» Activity
Restate word for word the entries below, starting at the line with "Гарнитура внутриканальные Realme" and ending at the line with "东吴官方公告如下:经与球员本". Keep both end lines and omit the pictures.

» Extracted data
##########

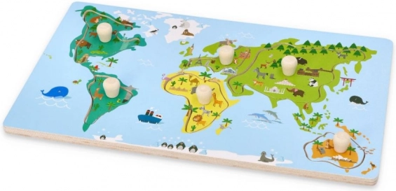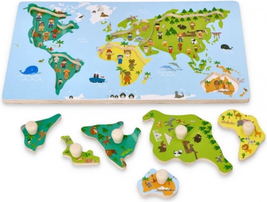 Puzzle prikazuje kontinente s izraženim bojama i nacrtanim životinjama i znamenitostima, što djeci olakšava učenje i čini geografiju zabavnom.
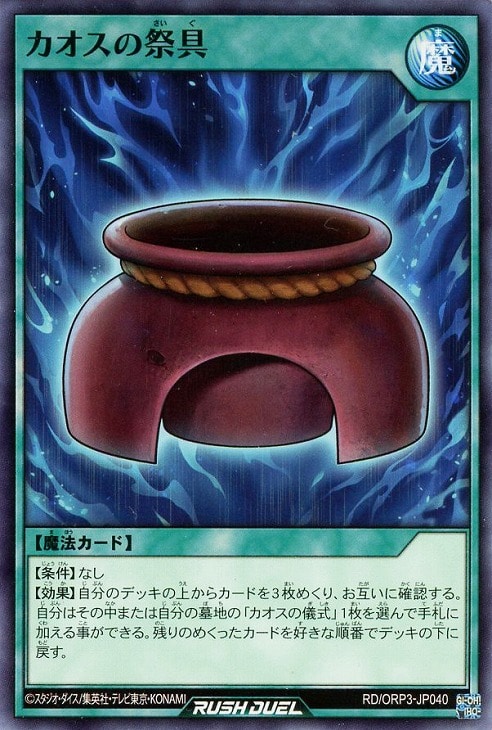 【効果】自分のデッキの上からカードを3枚めくり、お互いに確認する。自分はその中または自分の墓地の「カオスの儀式」1枚を選んで手札に加える事ができる。残りのめくったカードを好きな順番でデッキの下に戻す。
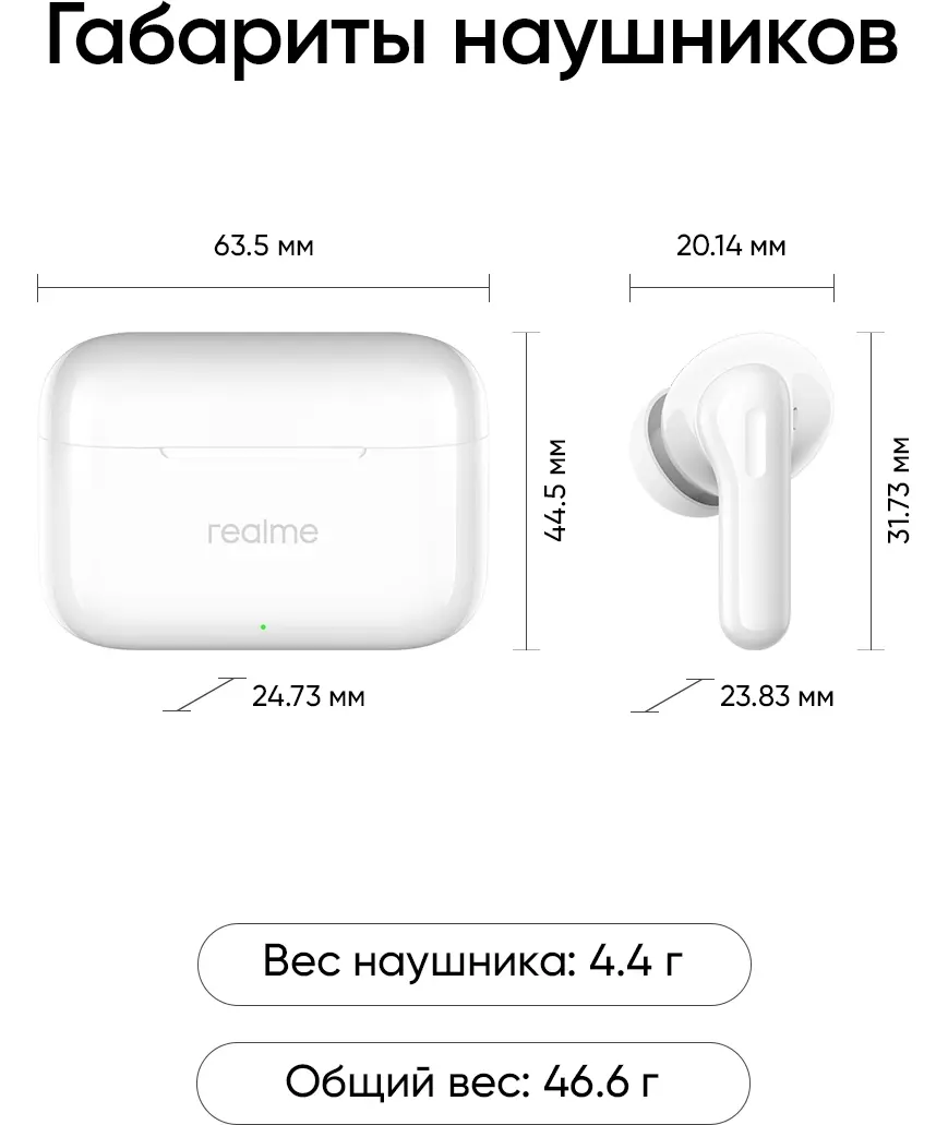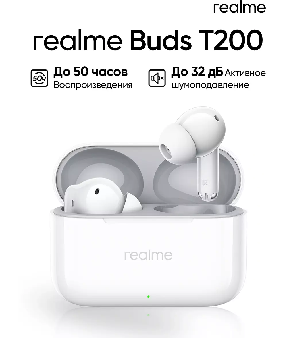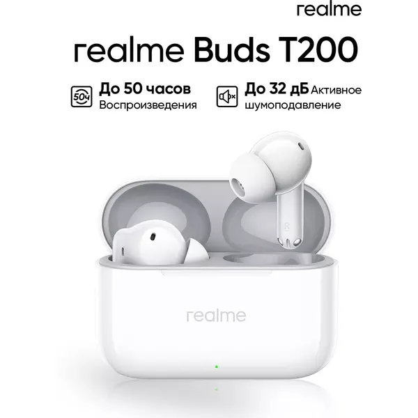 Гарнитура внутриканальные Realme Buds T200 белый беспроводные bluetooth в ушной раковине [6941764462076]
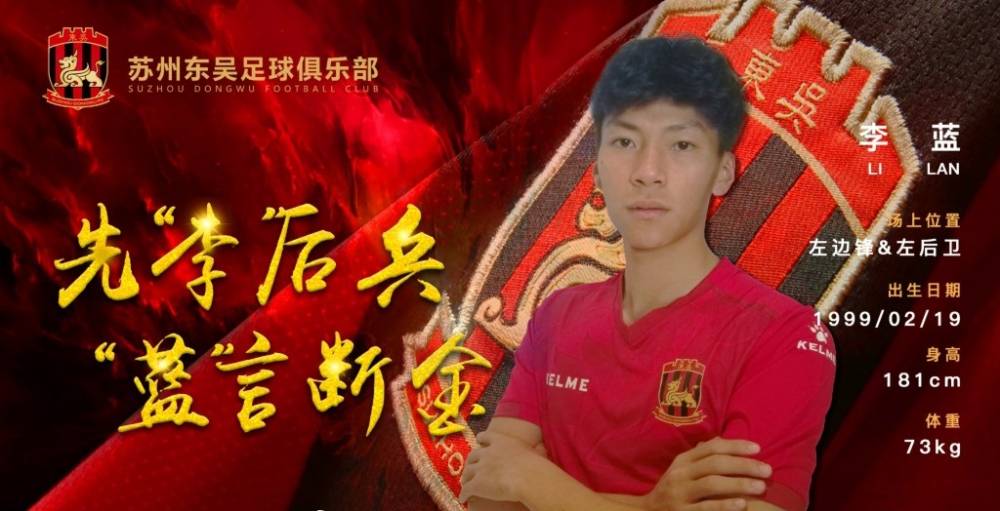 东吴官方公告如下:经与球员本人及俱乐部协商一致,即日起原上海申鑫球员李蓝正式加盟苏州东吴足球俱乐部。加盟当天正值元宵佳节,也恰逢这位小将20岁的生日,芳华岁月,美好相遇,让我们欢迎李蓝加盟球队的同时,也祝他生日快乐!新赛季他将身披苏州东吴队36号战袍,成为球队U21球员,为苏州足球贡献自己的力量。
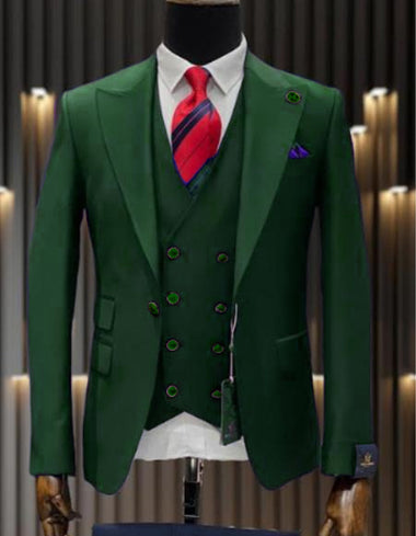 Este traje de corte moderno presenta una solapa ancha en pico, cierres de 1 botón, chaleco cruzado, aberturas laterales y pantalones delanteros planos a juego. 100% lana, fabricado en Turquía.
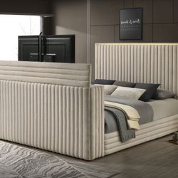 NEW Off White Platform Bed Frame King & Queen Size FITS UP TO 50" TV FIREPLACE$999Houston, TX
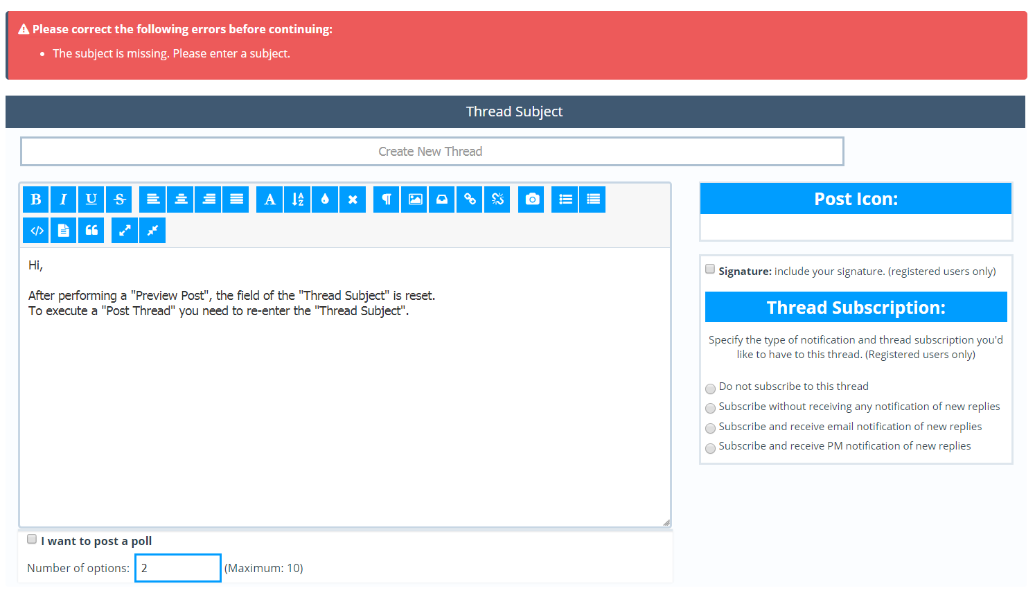 After performing a "Preview Post", the field of the "Thread Subject" is reset |

##########

» Reply to the exercise
 Гарнитура внутриканальные Realme Buds T200 белый беспроводные bluetooth в ушной раковине [6941764462076]
 东吴官方公告如下:经与球员本人及俱乐部协商一致,即日起原上海申鑫球员李蓝正式加盟苏州东吴足球俱乐部。加盟当天正值元宵佳节,也恰逢这位小将20岁的生日,芳华岁月,美好相遇,让我们欢迎李蓝加盟球队的同时,也祝他生日快乐!新赛季他将身披苏州东吴队36号战袍,成为球队U21球员,为苏州足球贡献自己的力量。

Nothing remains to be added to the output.